Evening Class
- First edition (UK)
- Author: Maeve Binchy
- Language: English
- Genre: Novel
- Publisher: Orion Books (UK) Delacorte Press (US) Little, Brown (Canada)
- Publication date: 1996
- Publication place: Ireland
- Media type: Print (hardback & paperback)
- Pages: 544 pp (paperback edition)
- ISBN: 9780752804514

= Evening Class =

1996 novel by Maeve Binchy

Evening Class is a 1996 novel by the Irish author Maeve Binchy. It was adapted as the award-winning film Italian for Beginners (2000) by writer-director Lone Scherfig, who failed to formally acknowledge the source, although at the very end of the closing credits is the line 'with thanks to Maeve Binchy'.

==Plot introduction==
A story of many Irish men and women from various backgrounds and how a teacher, Nora O'Donoghue (known as "Signora"), and an Italian evening class changes their lives over the course of a year. Each chapter deals with the life story of one or more students in the class.
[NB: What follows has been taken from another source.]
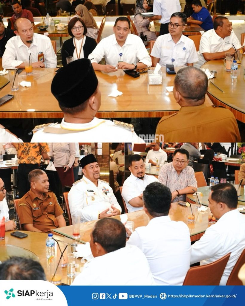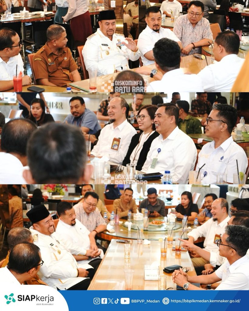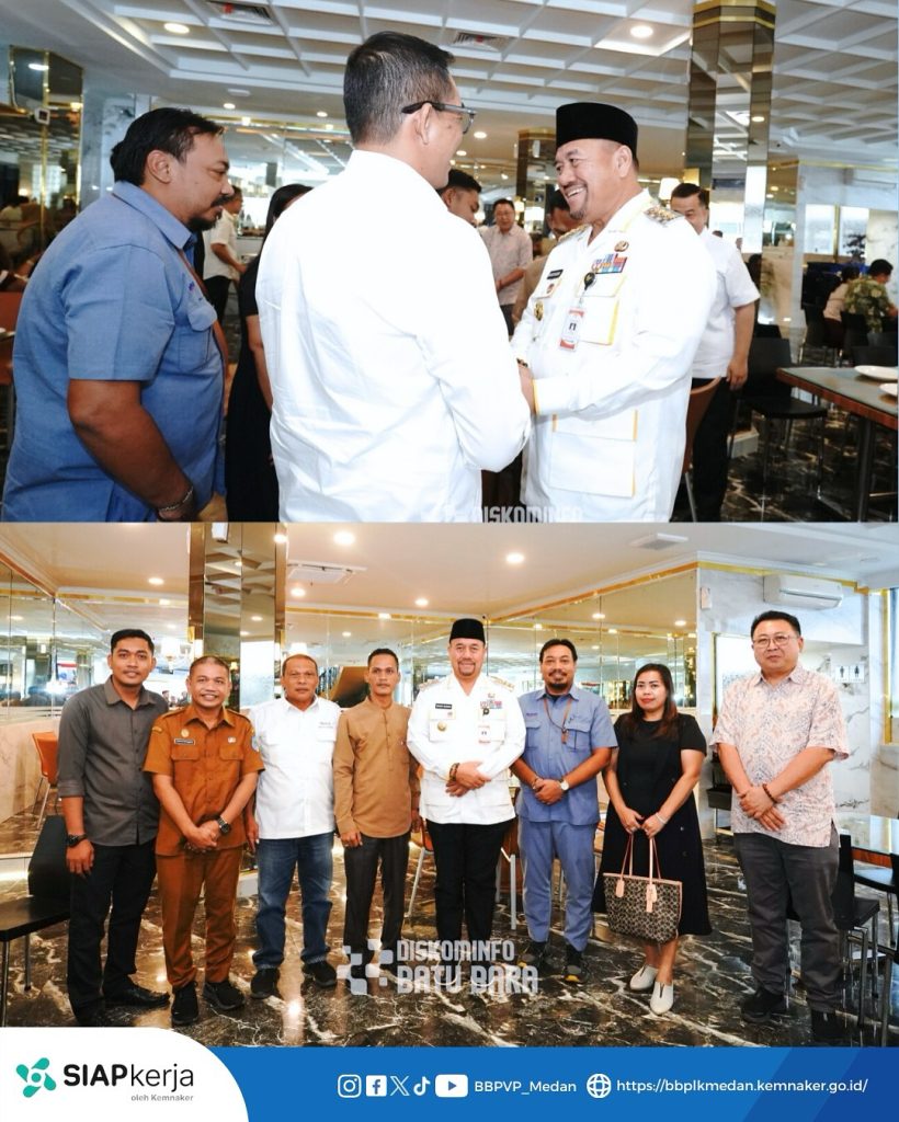 Kepala BBPVP Medan Bapak Faried Abdurrahman Nur Yuliono melaksanakan diskusi strategis bersama Bupati Kabupaten Batubara Bapak Baharuddin Siagian, Provinsi Sumatera Utara, dalam rangka merancang dan memperkuat kolaborasi pelatihan berbasis kebutuhan (demand driven training) yang selaras dengan perkembangan dunia usaha dan dunia industri (DUDI).

In a Dickensian way, they bump into each other and are affected by the decisions of those around them.

==Major themes==
The novel deals with themes of love, deceit, family drama, wealth, poverty, friendship, courage, and humour.

==Related==
Nora O'Donoghue and Aidan Dunne also appear in Quentins, another novel by Maeve Binchy, and play a more significant role in Heart and Soul.

==Film adaptation==
The novel heavily inspired the plot of the Danish feature film Italian for Beginners (2000), which won a Silver Berlin Bear and several other major international awards. Maeve Binchy was not paid, credited nor informed of this, but was later paid an undisclosed sum, when her publisher contacted the producers of the movie, Lars von Trier's company Zentropa. Although the film's writer-director Lone Scherfig had told the press that the film was based on her idea, executive producer Peter Aalbæk Jensen later admitted that she had made him aware of the similarities but that he had simply decided not to pay the original author.